The Attempt at a Solution

I attempted to solve this problem by dividing 490 N by the mass of asteroid, and after finding acceleration, I used kinematics equation to solve for t. (of course, knowing that initial velocity is zero). But I doubt it is correct, because I didn't even use mass of space tug. And is it necessary to use it? This question is even-numbered question with double star (which implies very hard) in my textbook and no answer at the back. Thanks for helping me.

 

[cepheid]

This problem seems pretty weird to me. If the spaceship's engines are providing a thrust of 490 N, then the spaceship is going to accelerate as well, not just the asteroid. In fact, the spaceship's acceleration will be larger than the asteroid's, because it is less massive. Therefore, the spaceship will want to pull away from the asteroid, which can only happen if the cable stretches (and eventually snaps) and the answer is that the ship and the asteroid don't meet. If the cable is rigid (can't stretch or break), then it's more like a rod and the whole 9700 kg system accelerates as one unit. The answer is still that the spaceship and asteroid don't meet. Am I missing something?

 

[ShamTheCandle]

Thank you Cepheid for your response. But there is one thing that I don't understand:

Therefore, the spaceship will want to pull away from the asteroid...

Can you explain this?
In my opinion, the spaceship will come closer to asteroid.

 

[rl.bhat]

The spaceship exerts the force on the asteroid by pulling the line. As a reaction asteroid pulls the spaceship with equal force through the connecting line. Find the acceleration of spaceship and the asteroid. Since they are in the opposite direction, find the relative acceleration.
Using kinematic equation find t.As you have mentioned, the initial relative velocity of spaceship and asteroid is zero.

 

[cepheid]

As a reaction asteroid pulls the spaceship with equal force through the connecting line.

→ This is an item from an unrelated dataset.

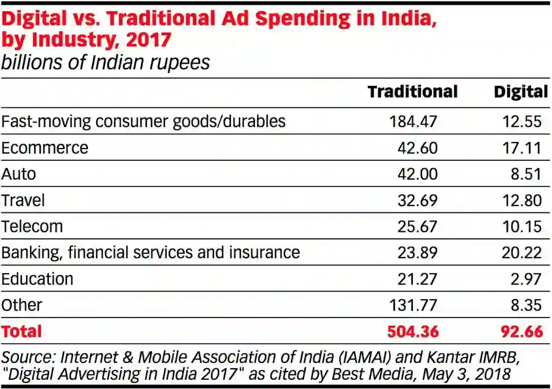 2017年是印度智能机的一个关键节点,然而同期印度大多数行业的广告预算还是倾向于传统媒体,在移动广告市场并没有表现出爆发式的增长。
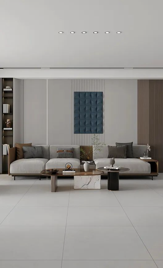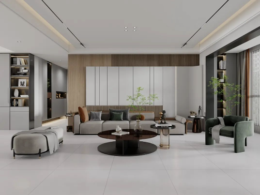 地面采用滿庭芳,表面質(zhì)地柔和,淡淡灰色搭配木質(zhì)背景墻及綠植元素,仿佛被輕紗籠罩,細(xì)膩的紋理和微妙的陰影效果,潔凈無(wú)雜質(zhì),800X800mm經(jīng)典規(guī)格通鋪客廳,清新淡雅中營(yíng)造出質(zhì)樸又高級(jí)的空間氛圍。

Right, I totally missed that part. So, does that mean the net force on the spaceship is zero?

EDIT: But the net force on the asteroid is not zero. It's being tugged on. If it starts to accelerate forward, the rope will lose tension, and the spaceship's engines will no longer be counteracted...I don't know why this problem is confusing me so much.

 

[rl.bhat]

Right, I totally missed that part. So, does that mean the net force on the spaceship is zero?

No.
Spaceship experiences only one force that is the reaction of asteroid. So it accelerates towards the asteroid.
Why don't you consider that the engine in the spaceship is winding the rope attached to asteroid, just like we do during fishing, and pulling the asteroid towards it?

 

[cepheid]

What about the thrust from the engines? Sorry if I'm being dense...

 

[cepheid]

No.
Why don't you consider that the engine in the spaceship is winding the rope attached to asteroid, just like we do during fishing, and pulling the asteroid towards it?

That never occurred to me. I assumed that the back of the spaceship was attached to the asteroid by a rope of fixed length and that the astronauts were firing rockets mounted to the ship (also facing towards the rear). I guess my scenario doesn't make much sense though. Yours makes more sense, although I have to say that it is not obvious to me from the wording of the problem that that is what was meant. Oh well, sorry for confusing the issue.

 

[rl.bhat]

That never occurred to me. I assumed that the back of the spaceship was attached to the asteroid by a rope of fixed length and that the astronauts were firing rockets mounted to the ship (also facing towards the rear). I guess my scenario doesn't make much sense though. Yours makes more sense, although I have to say that it is not obvious to me from the wording of the problem that that is what was meant. Oh well, sorry for confusing the issue.

It is alright.